I am fairly new to Dermatology coding.  I'm confused on the diagnoses codes for lichenoid keratosis and benign keratosis.  I understand keratosis is epidermal thickening... so if it doesn't specifically say Actinic Keratosis  (L57.0), or seborhheic keratosis (L82.x), are we to go the L83.x range?  Would L43.8 be correct for a lichenoid keratosis?
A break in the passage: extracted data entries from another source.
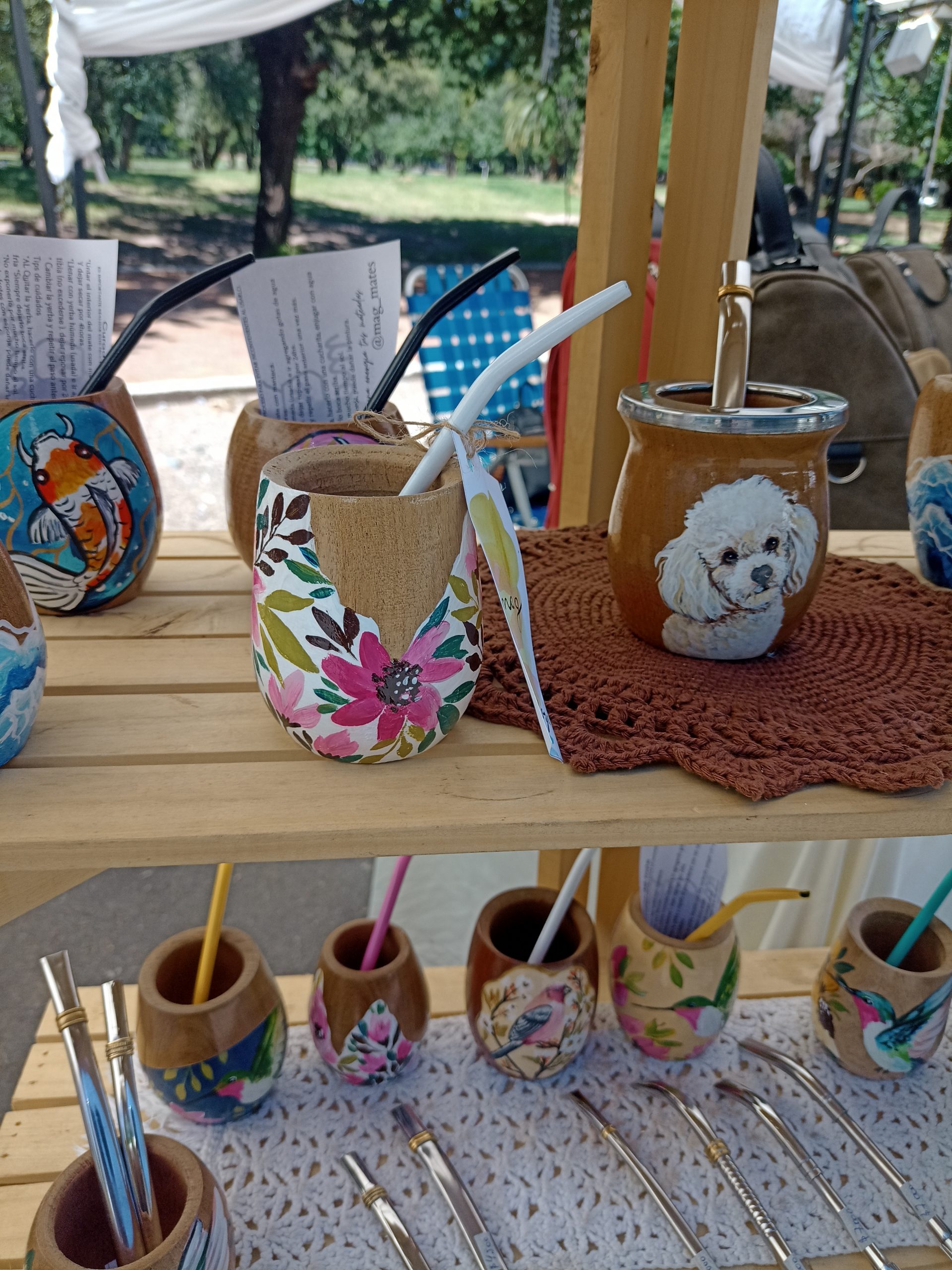 Diferentes diseños ,medida aproximada 9cm . Incluye bombilla Podes armar tu set con yerberas, azucareras, cuencos, cucharas, bandejas todo pintado con mucho amor.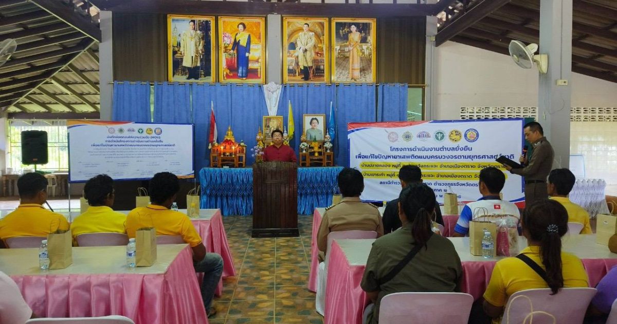 วันที่ 3 เม.ย. 2568 พ.ต.อ.เตชิต กุลกนิษฐรากร ผกก.สภ.เมืองตราด ภจว.ตราด ร่วมกับนายอำเภอเมืองตราด ร่วมเปิดโครงการชุมชนยั่งยืนเพื่อแก้ปัญหายาเสพติดแบบครบวงจรตามยุทธศาสตร์ชาติ ประจำปีงบประมาณ 2568 ที่หมู่ 4 บ้านปลายคลอง และ หมู่ 10 บ้านเขาระกำ ตำบล.วังกระแจะ อำเภอ เมือง จังหวัด ตราด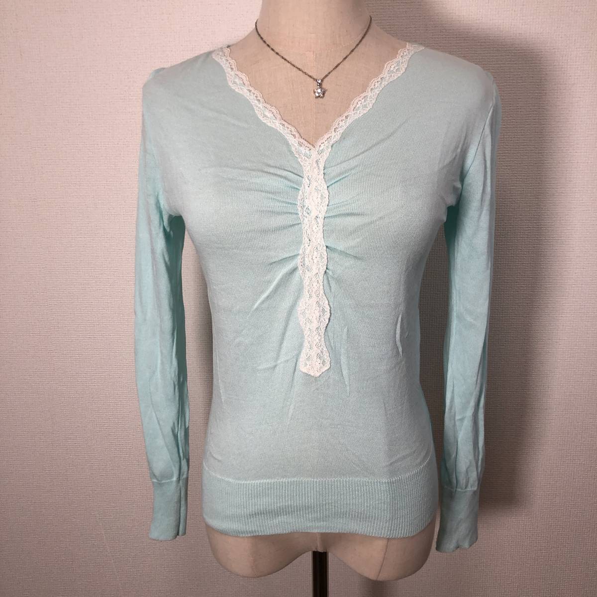 - WS0299 美品 Stimulus レディース ニット 長袖 かわいい 38(M) 水色 パステル レース レーヨン混紡 上品 フェミニン きれい色 きれいめ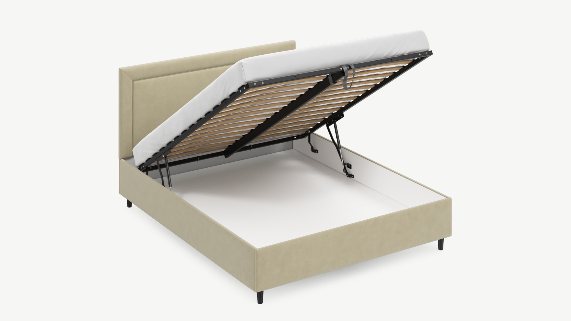Вместительная емкость под кроватью без внутренних перегородок позволяет использовать для хранения вещей 100% пространства.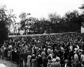 Keywords: florida state library and archives of florida statelibraryandarchivesofflorida barbecue bbq cookouts cookout tallahassee blackandwhite monochrome crowd people outdoor black and white Local call number: gv035014 Title: [40 serving lines at the free inaugural day barbecue: Tallahassee, Florida] Physical descrip: 1 photoprint; b&w; 8 x 10 in. Date: January 4, 1949 General note: There were 40 serving lines to accomodate the crowd of 35,000-40,000 at the free inaugural barbecue. Repository: State Library and Archives of Florida, 500 S. Bronough St., Tallahassee, FL 32399-0250 USA. Contact: 850.245.6700. Archives@dos.state.fl.us Persistent URL: www.floridamemory.com/items/show/128769 Local call number: gv035014 Title: [40 serving lines at the free inaugural day barbecue: Tallahassee, Florida] Physical descrip: 1 photoprint; b&w; 8 x 10 in. Date: January 4, 1949 General note: There were 40 serving lines to accomodate the crowd of 35,000-40,000 at the free inaugural barbecue. Repository: State Library and Archives of Florida, 500 S. Bronough St., Tallahassee, FL 32399-0250 USA. Contact: 850.245.6700. Archives@dos.state.fl.us Persistent URL: www.floridamemory.com/items/show/128769 |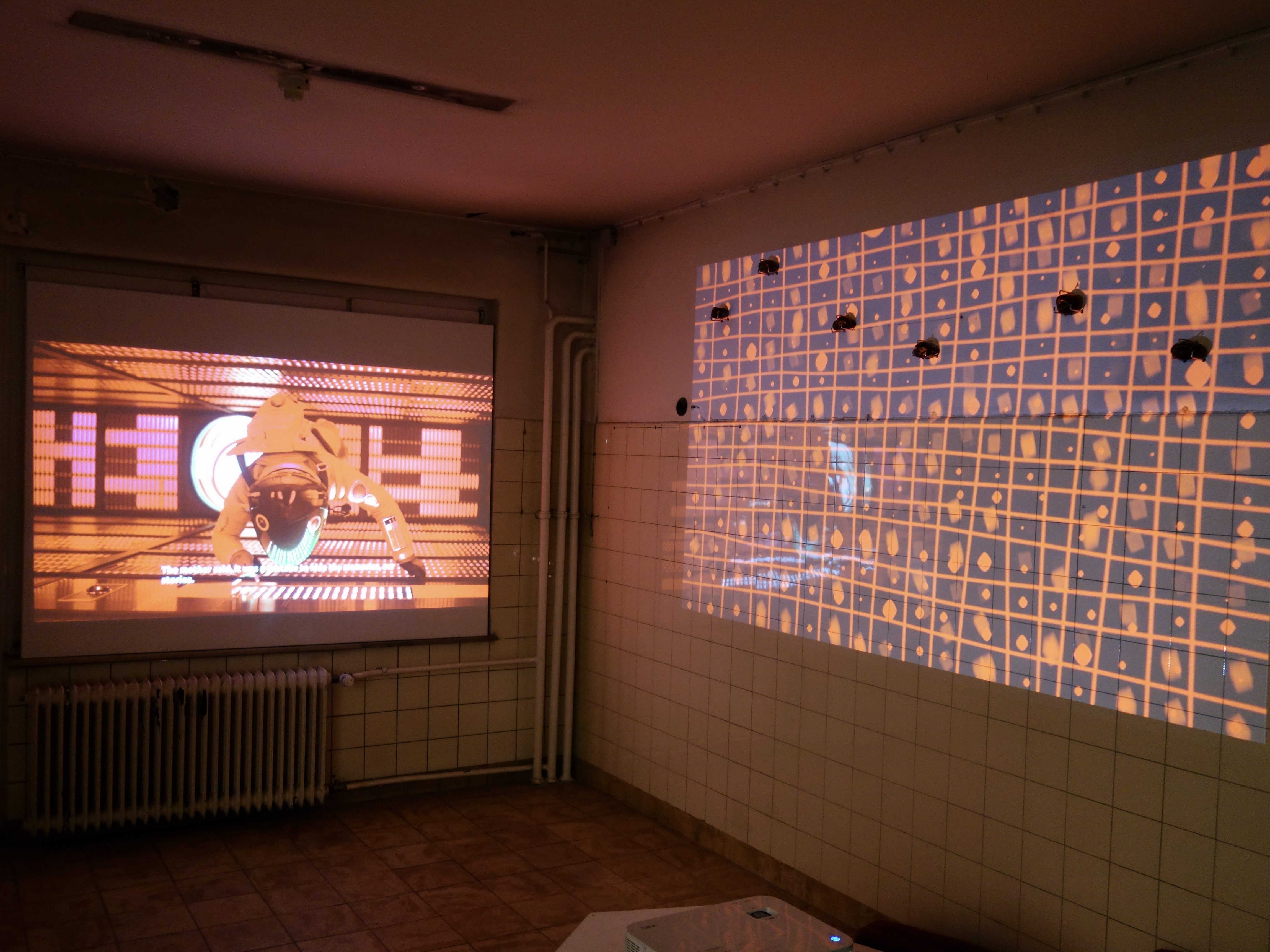The installation space invites visitors to explore, within the ruins of a former archive, the final memories of the last human whose name has been erased. The human identifies themselves as “One.” The video shown in the installation is an archival document from the Ministry of Artificial Truth, depicting the fragmented and distorted memories of the last human living in the year 2666. The video is divided into five parts: the weather forecast, news about cats, biological study, memories of the mother, and the phone call. Through a collage of film material from classic science fiction films, news broadcasts, and memes, it constructs a dystopian vision of the future under the totalitarian rule of artificial intelligence.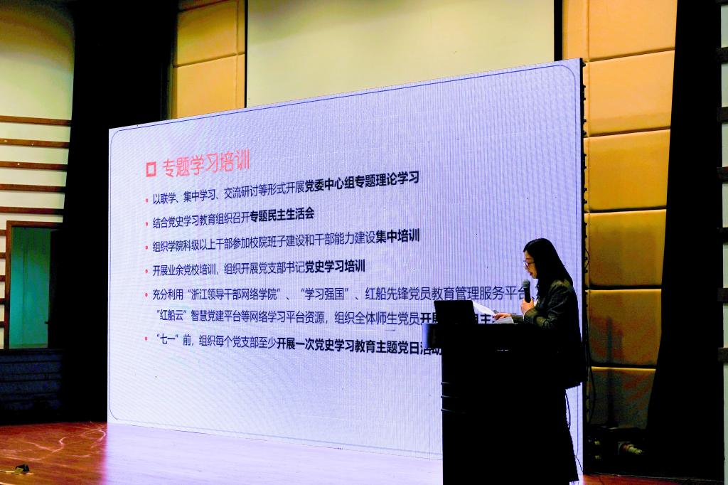 随后,杨丽娜对小黄书全体师生党员进行党史学习教育动员,并为大家上了一堂题为《奋斗百年路 启航新征程》的主题党课。她从“为什么学党史”、“党史学什么”、“党史怎么学”三个层面进行详细说明,为大家解疑答惑,进一步提高了全体党员的思想认识和党性修养。她要求全体师生党员牢记习近平总书记提出的“学党史、悟思想、办实事、开新局”“学史明理、学史增信、学史崇德、学史力行”目标要求,积极参与各种庆祝活动,展现红船学子蓬勃精神风貌,认真开展党史学习教育,筑牢理想信念之基,努力做到知行合一,全力支持嘉兴大学创建,以优异成绩向建党百年献礼。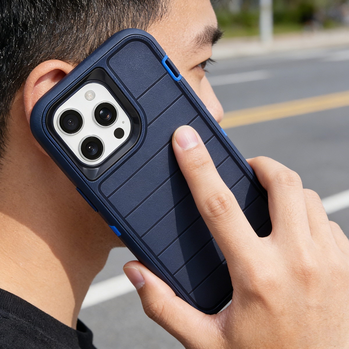 - 3-Layer Interlocking Structure: It consists of a solid inner polycarbonate (PC) frame that encases the phone, surrounded by a flexible outer rubber shell to absorb impact.
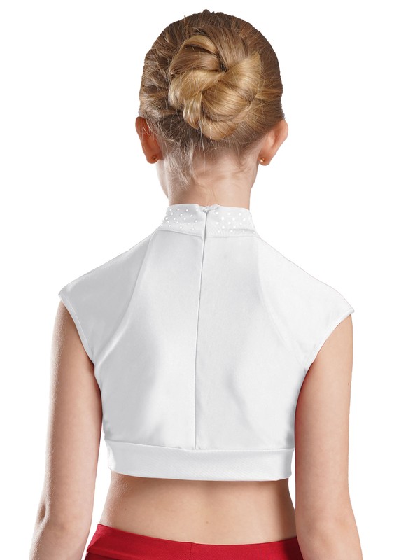 Girl’s top is decorated with shiny rhinestones to brighten up any performance and create an eye-catching effect.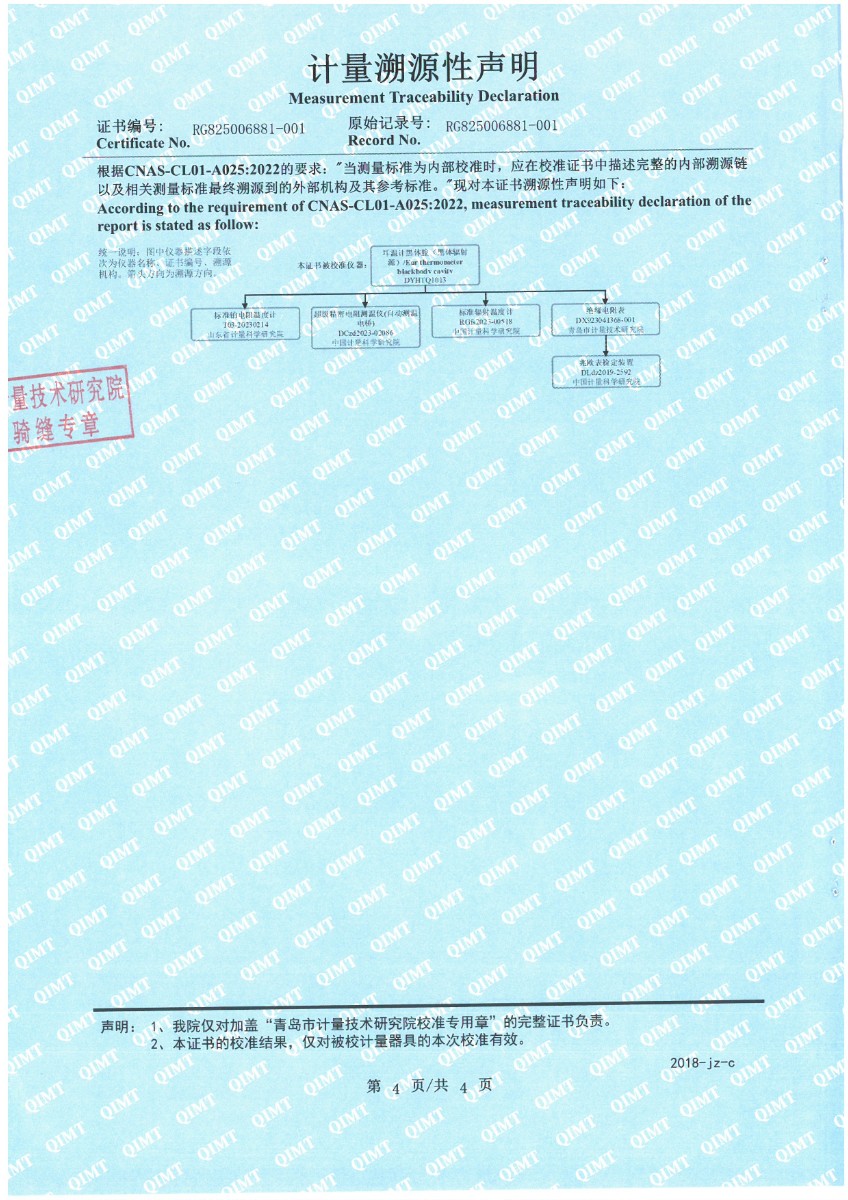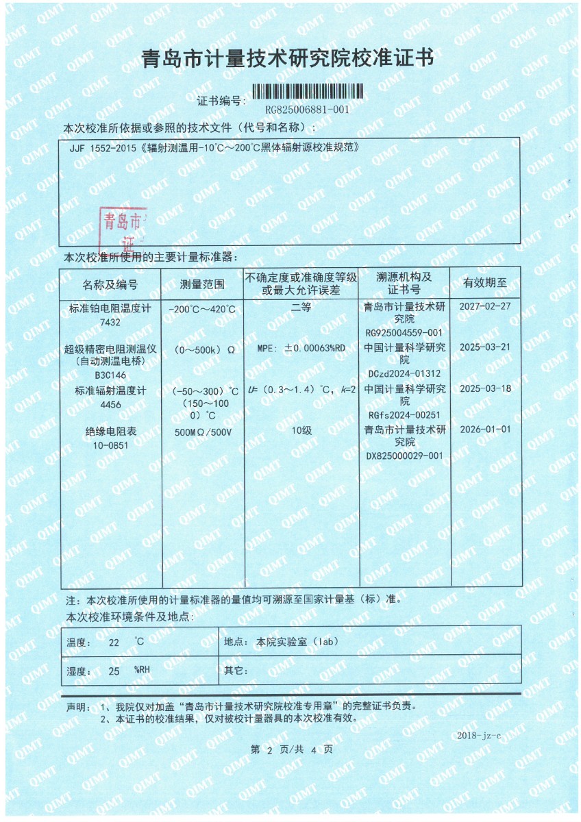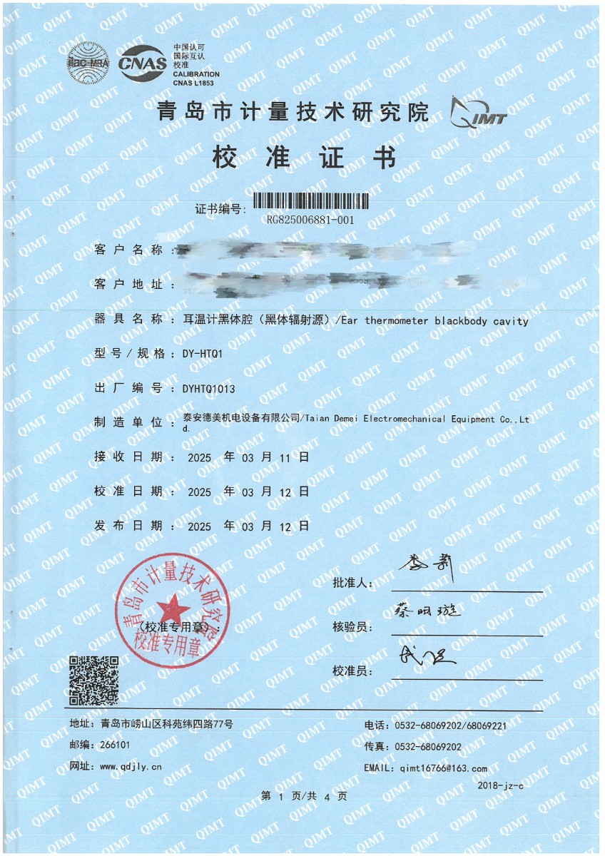 耳溫計黑體空腔校準(zhǔn)證書 2025-3-25 本文被閱讀 4460 次

When I try to use the index under keratosis, there is nothing just for benign keratosis.  One coder told me if it's not actinic (pre-malignant)- then it codes to L82.0/L82.1.  I don't like that because those specifically say sebhorreic, although those are benign instead of pre-malignant like the actinic keratosis....  HELP.


----------



## kheimerman (Apr 30, 2018)

*Correction!*

I meant to say if it's not an AK or SK does it code to the L85.x range for just benign keratois.. not L83.x range

Also, really confused about the lichenoid keratosis.  Have seen several suggestions to use L43.8?

Thanks for any clarification.


----------



## ellzeycoding (Apr 30, 2018)

epidermal thickening = L85.? series and is not the same as keratosis.  It's a separate type of condition.  Just thickening of the skin.

Actinic keratoses are rough, scaly patches or spots on the skin.  (again, different than thickening)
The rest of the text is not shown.